There are some problems associated with \(I_{B}\). For example, what is its selection response when no data are available for estimating \({\mathbf{P}}\) and \({\mathbf{C}}\)? \(I_{B}\) is a better selection index than the LPSI only if the correlation between \(I_{B}\) and the net genetic merit is higher than that between the LPSI and the net genetic merit (Hazel 1943). But if estimations of \({\mathbf{P}}\) and \({\mathbf{C}}\) are not available, how can we obtain the correlation between the base index and the net genetic merit? Williams (1962a) pointed out that the correlation between \(I_{B}\) and \(H\) can be written as \(\rho_{B} = \sqrt {\frac{{{\mathbf{w^{\prime}Cw}}}}{{{\mathbf{w^{\prime}Pw}}}}}\) and indicated that the ratio \(\rho_{B} /\rho\) (\(\rho\) is the correlation between the LPSI and \(H\); see Eqs. 3 and 4b) can be used to compare LPSI efficiency vs. \(I_{B}\) efficiency; however, in the latter case, we at least need to know the estimates of \({\mathbf{P}}\) and \({\mathbf{C}}\), i.e., \({\hat{\mathbf{P}}}\) and \({\hat{\mathbf{C}}}\). For this reason, we think that breeders should use the LPSI when the population size is sufficiently large.

An index similar to the CLPSI described in this work is the desired gains linear phenotypic selection index (Pesek and Baker 1969). The most important aspect of this last index is that it does not require economic weights. The main problem of this index is that it does not maximize the correlation between \(I\) and \(H\) (\(\rho\)) nor the selection response because the covariance between \(I\) and \(H\) (\(Cov(H,I) = {\mathbf{w^{\prime}Cb}}\)) is not defined, given that \({\mathbf{w^{\prime}Cb}}\) requires the economic weight vector \({\mathbf{w^{\prime}}}\) and that index does not use economic weights (Itoh and Yamada 1986, 1988). Another problem with this index is that it is not associated with \(H\); then, it is not a predictor of \(H\) and the \(\rho\) and the selection response could not be maximum. For this reason, we think that breeders should use the CLPSI described in this work when making selection.

Conclusions

We described a method to obtain the expectation and variance of the estimator of the maximized selection response for unconstrained and constrained linear phenotypic selection indices. The estimator of the maximized selection response was the square root of the variance of the estimated LSI values multiplied by the selection intensity. The expectation and variance allow the breeder to construct confidence intervals and determine the appropriate sample size to complete the analysis of a selection process.

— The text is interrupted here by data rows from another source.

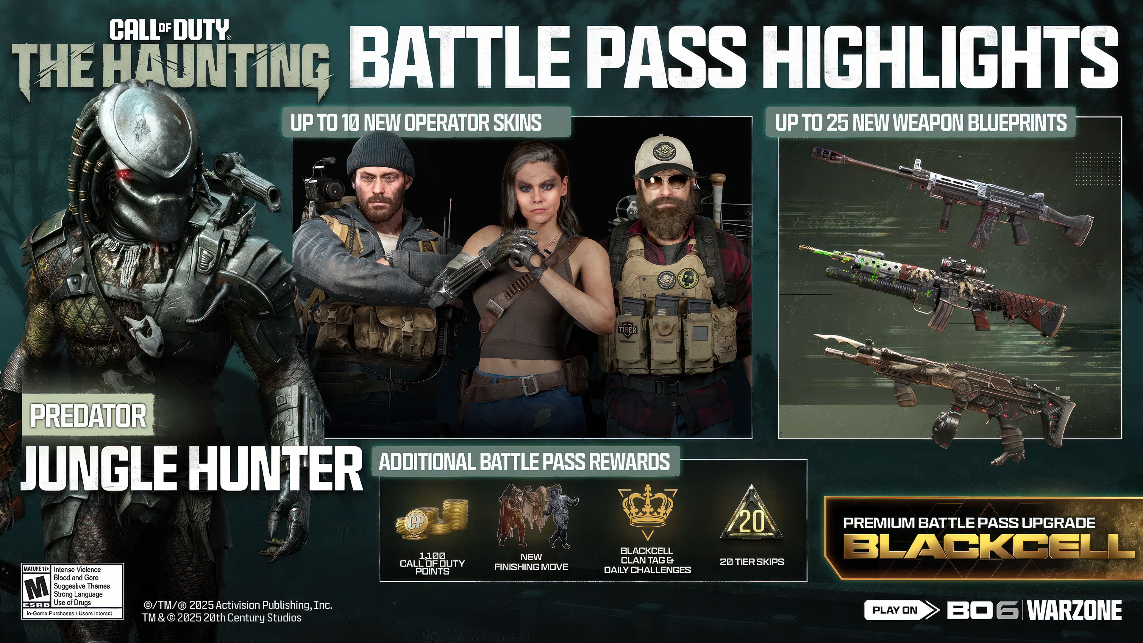 Боевой пропуск этого сезона возглавляет Predator и включает в себя жуткую коллекцию обликов Операторов, чертежей Оружия и других предметов, вдохновленных The Haunting и классическими фильмами ужасов. Вы можете получить Боевой пропуск за 1100 COD Points, или комплект Боевого пропуска за 2400 COD Points, который мгновенно открывает страницу, полную наград.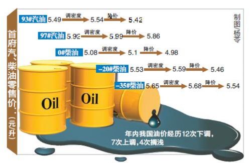 1日下午,国家发改委通知,决定今日零时起将汽、柴油价格每吨分别降低145元和140元,测算到零售价格90号汽油和0号柴油,全国平均每升分别降低0.11元和0.12元,这是国内成品油价年内第12次下调,最近三个调价周期内的“三连跌”。
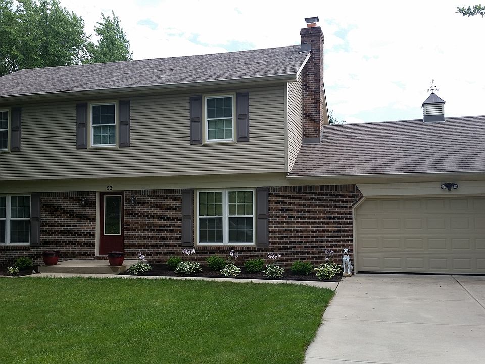 Several updates to this home in a great neighborhood. New roof, gutters & siding in 2009. New flooring throughout. Living room area and separate den with fireplace and hardwood floor. Separate dining area. Kitchen with plenty of storage, new granite counter tops and breakfast bar opens to a large sun room. Laundry room with utility sink off the garage. Nice sized bedrooms, and a large Master Bedroom with walk in closet. Large 2 car garage with a workbench and natural gas heater. Backyard features a large patio, separate firepit, and a basketball court. This home has plenty of storage with floored attic space above the garage, and a large central closet upstairs. There is also a 8'x12' mini-barn.
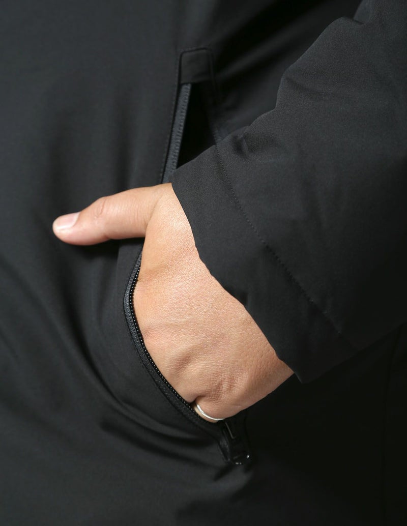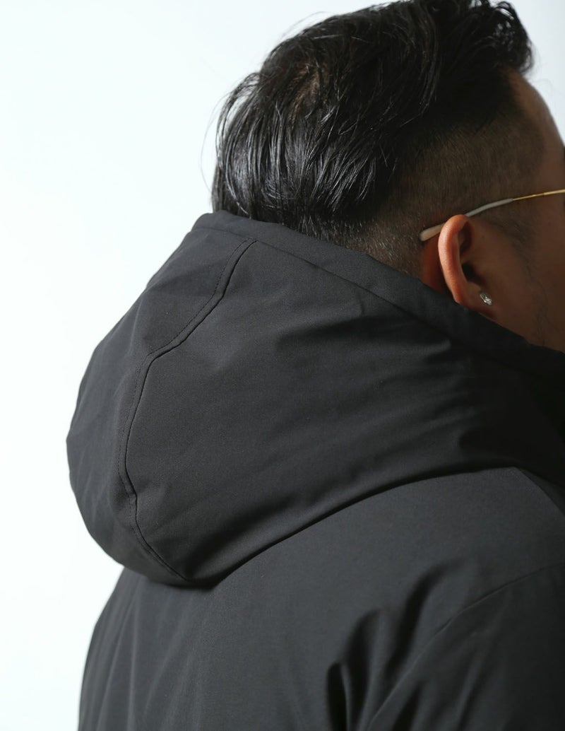 高さのあるネックがデザインと防寒性も兼ね備えています。

We validated the theoretical results in the phenotypic selection context using real and simulated datasets. We concluded that our results are valid for any LSI with normal distribution and that the method described in this work is useful for finding the expectation and variance of the estimator of any LSI response in the phenotypic or genomic selection context.